* **Work item**
In the entries below, begin at the line that has "- What you get: you", stop after the line that has "Recipients of national", and output those lines exactly with no pictures.

* **Provided information**
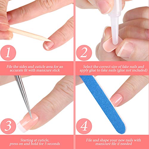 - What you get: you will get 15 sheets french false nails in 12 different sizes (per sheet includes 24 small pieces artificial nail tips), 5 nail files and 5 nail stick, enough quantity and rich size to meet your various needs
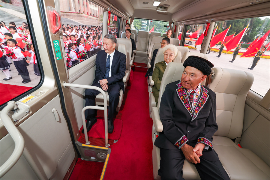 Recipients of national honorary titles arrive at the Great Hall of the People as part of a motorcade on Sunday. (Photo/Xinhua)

==

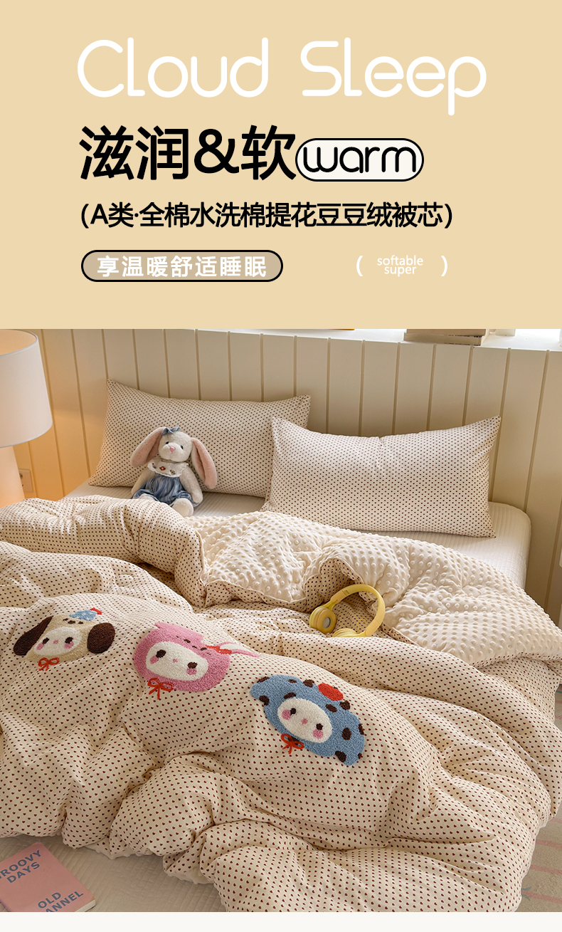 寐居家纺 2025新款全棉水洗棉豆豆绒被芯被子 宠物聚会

* **Answer to the problem**
 - What you get: you will get 15 sheets french false nails in 12 different sizes (per sheet includes 24 small pieces artificial nail tips), 5 nail files and 5 nail stick, enough quantity and rich size to meet your various needs
 Recipients of national honorary titles arrive at the Great Hall of the People as part of a motorcade on Sunday. (Photo/Xinhua)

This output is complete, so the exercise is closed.